Patricia May Holmgren (née Kern; born 1940) is an American botanist. Holmgren's main botanical interests are the flora of the U.S. intermountain west and the genera Tiarella and Thlaspi. Holmgren was the director of the herbarium at the New York Botanical Garden from 1981–2000, and editor of Index Herbariorum from 1974–2008.

== Life ==
Patricia May Kern was born to Robert Evan Kern (1919–2004) and Ruth Eleanor Beaudoin Kern (1921–1992) in 1940, in Athens, Indiana. Her parents began raising Christmas trees in 1946, and Holmgren spent part of her summers trimming trees and weekends in the fall and winter helping with the business. Holmgren was introduced to nature at an early age; through her father's conservation work on their property, and during family vacations to western national parks during the farm's off-season. From fifth grade to her high school graduation, Holmgren was active in 4-H, winning many contests in forestry and sewing.
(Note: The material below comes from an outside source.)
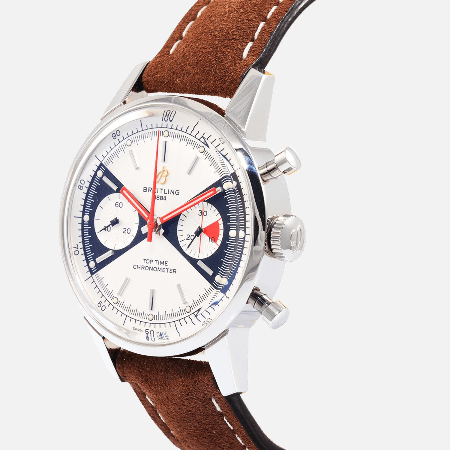 The Breitling Top Time Limited Edition A23310121G1X1 is a stunning timepiece with a unique and eye-catching design. It features a 41mm stainless steel case and a stylish leather strap secured with a tang buckle. The white and blue dial with white subdials, index markers, and fixed bezel add sophistication to its modern look.

Holmgren attended high school at Rochester High School in Rochester, Indiana, graduating in 1958 as valedictorian. Holmgren attended Indiana University, getting a B.S. in 1962. She later attended the University of Washington, completing a M.S. in 1964 and a Ph.D. in 1968. At the University of Washington, Holmgren completed a systematic study of Tiarella (Saxifragaceae) with advisor Arthur R. Kruckeberg.

She remained at the University of Washington for her Ph.D., a systematic study of the Thlaspi montanum (Brassicaceae) group, with advisor C. Leo Hitchcock. In addition to her own research, Holmgren became chief editorial assistant during the preparation of the last two volumes of the Vascular Plants of the Pacific Northwest with Hitchcock.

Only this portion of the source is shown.